» **Exercise brief**:
Starting at the line that holds "loose knitting accessories)" and stopping at the line that holds "- Statistica/100km: RON 36,56; 15,66 kWh", restate the records below word for word, with both of those lines included.

» **Supplied records**:
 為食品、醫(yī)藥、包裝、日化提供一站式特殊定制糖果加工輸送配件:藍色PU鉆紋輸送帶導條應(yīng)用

==

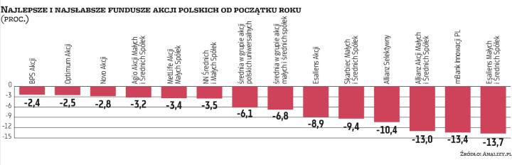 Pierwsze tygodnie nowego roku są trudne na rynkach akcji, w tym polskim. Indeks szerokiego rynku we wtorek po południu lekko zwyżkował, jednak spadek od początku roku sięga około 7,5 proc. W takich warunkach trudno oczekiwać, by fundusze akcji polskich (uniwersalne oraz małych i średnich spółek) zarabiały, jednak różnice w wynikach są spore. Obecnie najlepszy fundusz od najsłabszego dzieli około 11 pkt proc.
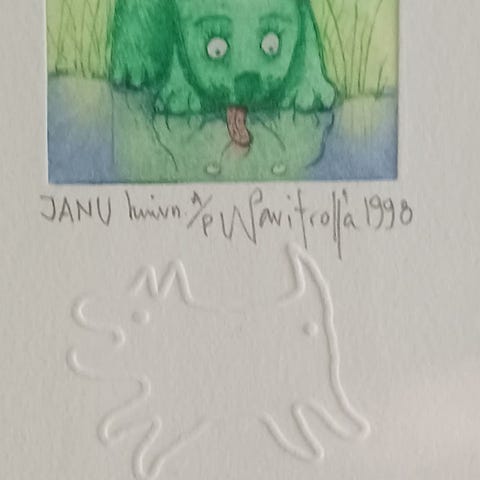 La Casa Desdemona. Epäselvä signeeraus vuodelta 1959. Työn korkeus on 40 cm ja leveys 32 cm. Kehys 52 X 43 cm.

---

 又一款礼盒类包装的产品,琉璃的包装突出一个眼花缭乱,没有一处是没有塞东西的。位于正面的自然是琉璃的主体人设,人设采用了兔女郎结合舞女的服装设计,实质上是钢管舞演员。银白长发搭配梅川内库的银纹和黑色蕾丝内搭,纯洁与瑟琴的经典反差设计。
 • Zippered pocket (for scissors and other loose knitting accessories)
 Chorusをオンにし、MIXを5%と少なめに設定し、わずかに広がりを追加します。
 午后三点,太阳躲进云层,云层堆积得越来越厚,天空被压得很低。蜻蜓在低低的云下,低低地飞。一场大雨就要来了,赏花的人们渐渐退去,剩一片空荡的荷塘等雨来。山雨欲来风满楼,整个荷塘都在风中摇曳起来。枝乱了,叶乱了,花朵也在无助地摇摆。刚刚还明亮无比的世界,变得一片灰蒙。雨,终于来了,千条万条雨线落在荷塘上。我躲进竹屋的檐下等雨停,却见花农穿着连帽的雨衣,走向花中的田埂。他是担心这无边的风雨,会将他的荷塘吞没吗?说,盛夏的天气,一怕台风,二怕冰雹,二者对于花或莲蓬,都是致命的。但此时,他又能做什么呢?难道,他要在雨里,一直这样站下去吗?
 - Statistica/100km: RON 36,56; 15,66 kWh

» **Worked solution**:
 • Zippered pocket (for scissors and other loose knitting accessories)
 Chorusをオンにし、MIXを5%と少なめに設定し、わずかに広がりを追加します。
 午后三点,太阳躲进云层,云层堆积得越来越厚,天空被压得很低。蜻蜓在低低的云下,低低地飞。一场大雨就要来了,赏花的人们渐渐退去,剩一片空荡的荷塘等雨来。山雨欲来风满楼,整个荷塘都在风中摇曳起来。枝乱了,叶乱了,花朵也在无助地摇摆。刚刚还明亮无比的世界,变得一片灰蒙。雨,终于来了,千条万条雨线落在荷塘上。我躲进竹屋的檐下等雨停,却见花农穿着连帽的雨衣,走向花中的田埂。他是担心这无边的风雨,会将他的荷塘吞没吗?说,盛夏的天气,一怕台风,二怕冰雹,二者对于花或莲蓬,都是致命的。但此时,他又能做什么呢?难道,他要在雨里,一直这样站下去吗?
 - Statistica/100km: RON 36,56; 15,66 kWh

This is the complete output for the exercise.